The phoney network was finally revealed to London after the escape from Haaren concentration camp in August 1943 of two SOE agents, Pieter Diepenbroek and Johan Ubbink - "Sprout" and "Chive". Files in the Public Record Office contain the debriefings of "Sprout" and "Chive", which make clear that the Germans had controlled the Dutch "Underground" movement for more than 18 months. The Germans realised that their double-cross network had been blown.

Giskes signed off with this message to London on April Fool's Day 1944:

"Messrs, Blunt, Bingham and Successors, Ltd. London. In the last time you are trying to make business in the Netherlands without our assistance. We think this rather unfair in view of our long and successful co-operation as your sole agents. But never mind, when you come to pay a visit to the Continent you may be assured that you will be received with the same care and result as all those you sent before. So long!"

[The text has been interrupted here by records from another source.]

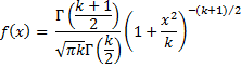 Definition 1: The (Student’s) t distribution with k degrees of freedom, abbreviated T(k) has probability distribution function given by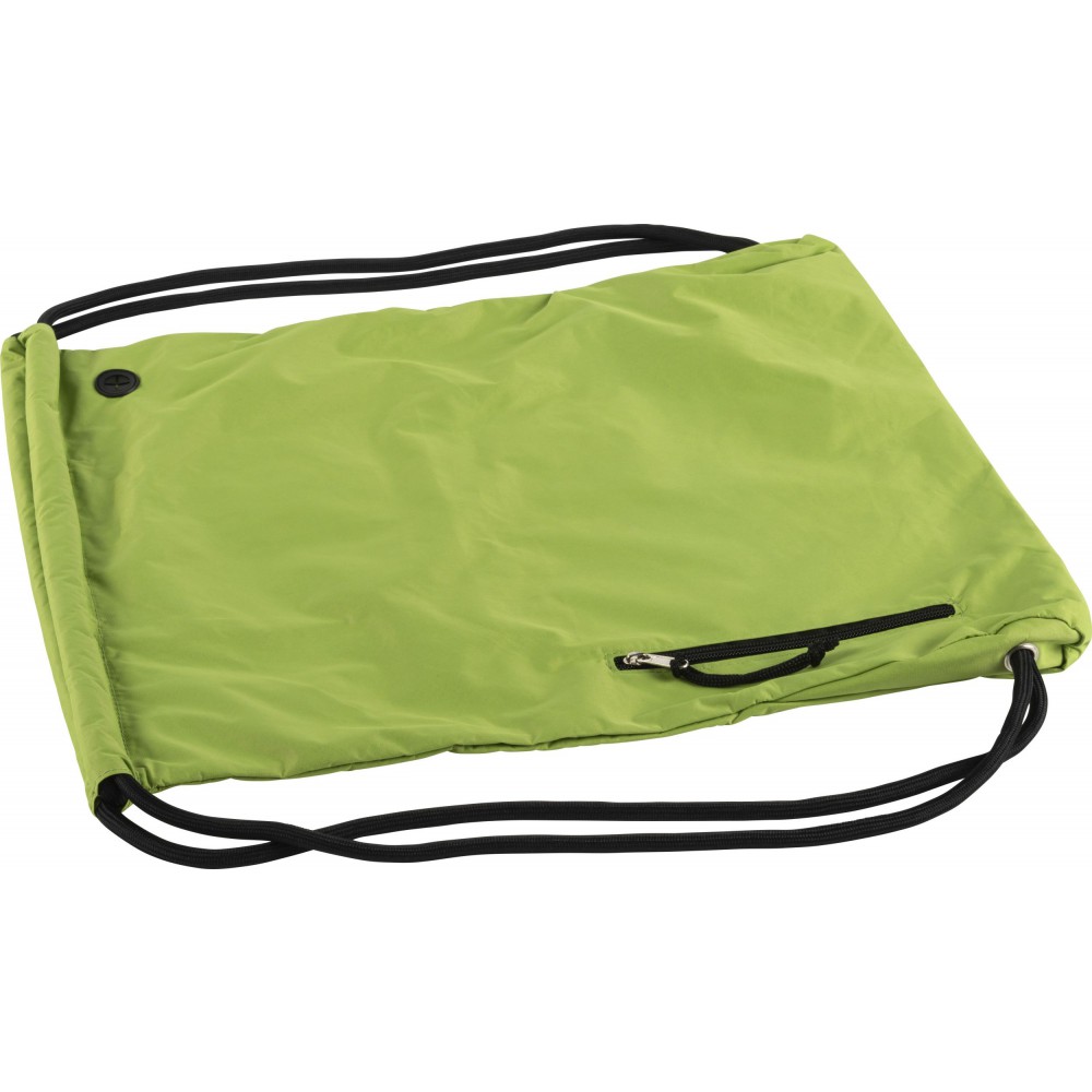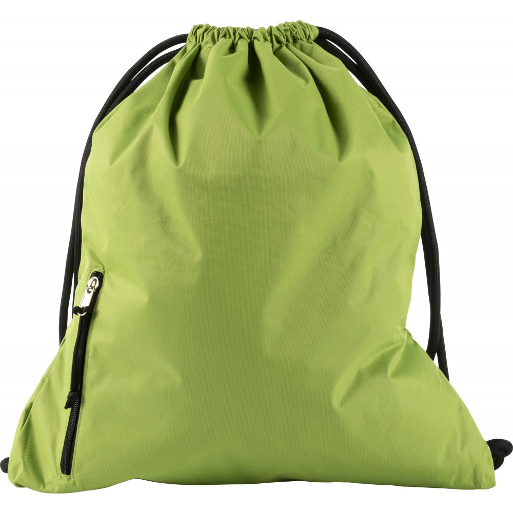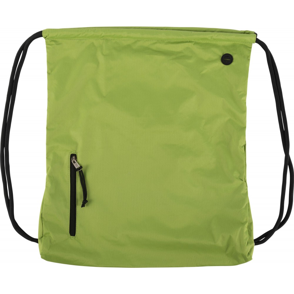 Tornazsák húzózsinórral, elöl cipzáras zsebbel. 190T nylon. Emblémázás: Szitanyomás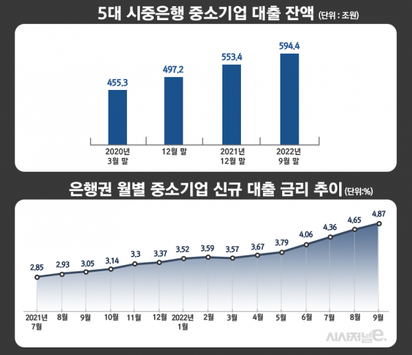 [시사저널e=유길연 기자] 코로나 기간 불어난 시중은행의 중소기업 대출자산이 부실의 뇌관으로 떠올랐다. 대출 금리가 크게 오르면서 중소기업의 부담이 크게 늘었기 때문이다. 중소기업은 최근 채권시장 불안정성으로 인해 은행 대출을 받지 않으면 자금조달이 사실상 불가능한 상황이다. 우량한 기업이 은행 대출에 대한 이자부담을 이겨내지 못하고 ‘흑자도산’할 경우 시중은행도 부실 사태를 피할 수 없을 것이란 우려가 나온다.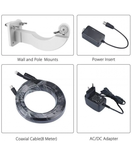 • Câble coaxial de 8 mètres : permet une installation flexible, idéale lorsque votre téléviseur n’est pas proche d’une fenêtre.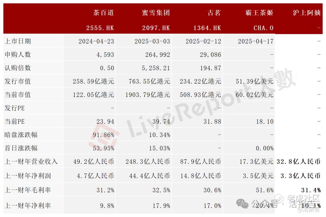 摘要:茶饮企业沪上阿姨于2025年4月23日通过港交所聆讯,拟在香港主板上市,联合保荐人为中信证券、海通国际和东方证券。2024年收入32.85亿,净利3.29亿元,毛利率31.3%。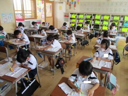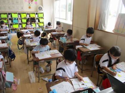 小学校で使う初めての水彩なので、先生の話をよく聞いて活動を進めていました。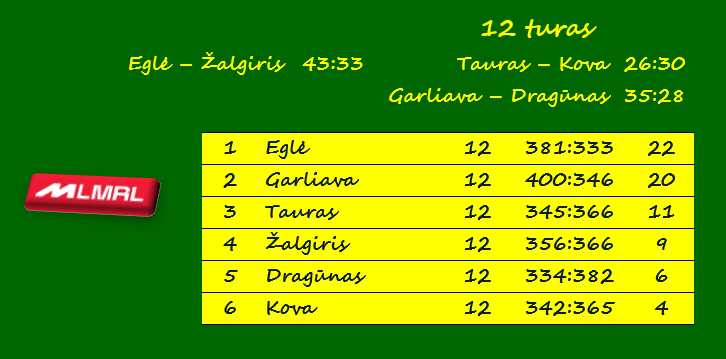 „Tauras“ atsitraukė po to, kai šeštadienį namie nusileido paskutinę vietą užimančiai Panevėžio „Kovai“ 26:30 (12:15). Tuo tarpu dvi pirmaujančios komandos įtikinamai laimėjo žaisdamos namie: Vilniaus „Eglė“ nugalėjo Kauno „Žalgirį“ 43:33 (23:11), „Garliava“ – Klaipėdos „Dragūną“ 35:28 (18:15). „Eglė“ tapo pirmąja komanda, šį sezoną įmetusia 40 ar daugiau įvarčių.
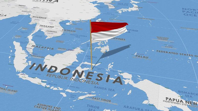 Indonesia Flag Waving with The World Map, Seamless Loop in Wind, 3D Rendering Free Video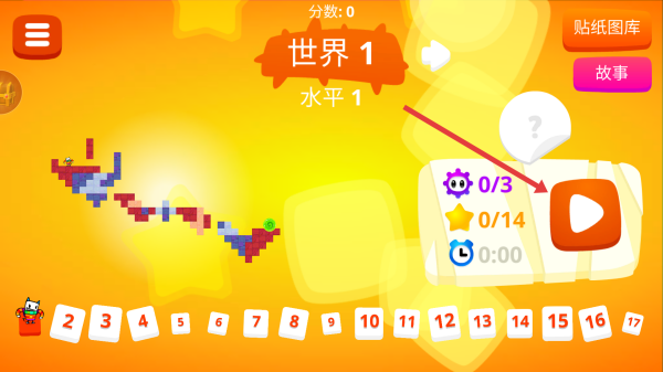 1、选世界1-水平1,点播放键进关卡,控制猫角色冒险。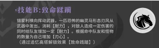 狂气深渊是一项兼具突进与爆发效果的主动技能。使用时锡蒙利侧身冲刺接横斩,迅速接近目标并造成三段伤害。最关键的是,一旦命中敌人的破绽部位,便会立即触发开刃状态。该状态是后续强化输出的重要前置条件,也是高水平玩家争夺战斗主动权的核心节点。配合后续技能追忆高塔解锁的绝命深渊与绝命炼狱,在面对高血量Boss时也能打出成吨伤害,显著提升战斗效率。

The files also show the courageous "Sprout" and "Chive" were locked up in Brixton Prison upon their return to London in case they were German double agents. "Sprout" and "Chive" were convinced that the Germans had help from Major Bingham, then the Dutch section's head. "No one else was in such a good position to 'play ball' with the enemy," Chive told his MI5 interviewers.

The British author of the memo was clearly angered by the assertion. The two had had the temerity to make an allegations against a British officer, "which it is fair to say they have failed to substantiate". The two were later released and allowed to join the Dutch Armed Forces.

The SOE post-mortem examination shows that serious doubts had been raised about the network as early as July 1942 but the warning had been ignored by the section's chief. "Not only, however, does there appear to have been a failure to look the facts squarely in the face but also failure when suspicion had once been aroused to test suspicions." Major Blizard had gone by the time of the denouement. Major Bingham was posted Australia.

The Germans' chief gain from the fiasco was that until just before D-day they thwarted all attempts to build a Dutch resistance movement into Allied plans and to equip it ready for action. Several files on the SOE in Holland are still withheld.